Understood. Given the Jakarta EE transition, publishers that depend on Spring and Spring Boot 5.x/2.x may very well not be compatible with consumers depending on Spring and Spring Boot 6.x/3.x. As such, I do want my dependency constraints published in this case. I imagine that would be common when it comes to major version changes, when SemVer is followed at least.

All the same, I've been trying to concoct a resolution strategy to force the version range as suggested, but no luck so far.
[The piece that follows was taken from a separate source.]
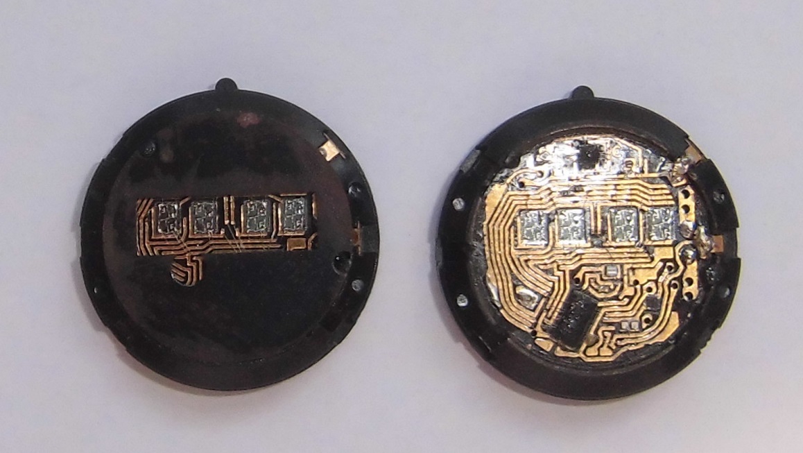 Man ist dann schnell auf stromsparender VFC Displays umgestiegen. Dann kamen die ersten Anzeigen als LCD raus. Man konnte vermutlich nicht die höhere Spannung für die VFC's aus den Knopfzellen gewinnen (meist >30V) und die LED Anzeigen waren echte Stromfresser.

I may very well may be doing it wrong, as I'm not finding examples of using resolution strategies for constraining ranges (just forcing specific versions, e.g. "Denying a particular version with a replacement" and ResolutionStrategy#force).

My first attempt was to add this to my project convention, with the expectation that the Versions Plugin would inform me of the now GA 5.3.26 and 2.7.10 versions:

configurations.all {
	resolutionStrategy.eachDependency {
		when (requested.group) {
			"org.springframework" -> useVersion("[5.3, 6[!!5.3.25")
			"org.springframework.boot" -> useVersion("[2.7, 3[!!2.7.9")
		}
	}
}

Instead I get several errors like the following:

Failed to determine the latest version for the following dependencies (use --info for details):
 - org.springframework:spring-context
The exception that is the cause of unresolved state: org.gradle.internal.resolve.ModuleVersionNotFoundException: Could not find org.springframework:spring-context:[5.3, 6[!!5.3.25.
Required by:
    project :subprojects:app

Then I tried:

configurations.all {
	resolutionStrategy.eachDependency {
		when (requested.group) {
			"org.springframework" -> useVersion("[5.3, 6[")
			"org.springframework.boot" -> useVersion("[2.7, 3[")
		}
	}
}

But then the Versions Plugin reports:

The following dependencies are using the latest milestone version:
[...]
 - org.springframework:spring-context:5.3.26
 - org.springframework.boot:spring-boot:2.7.10
[...]

So in other words, this apparently overrides the preferred version from my version catalog with a version range without a preferred version, which is not what I want for the sake of build stability.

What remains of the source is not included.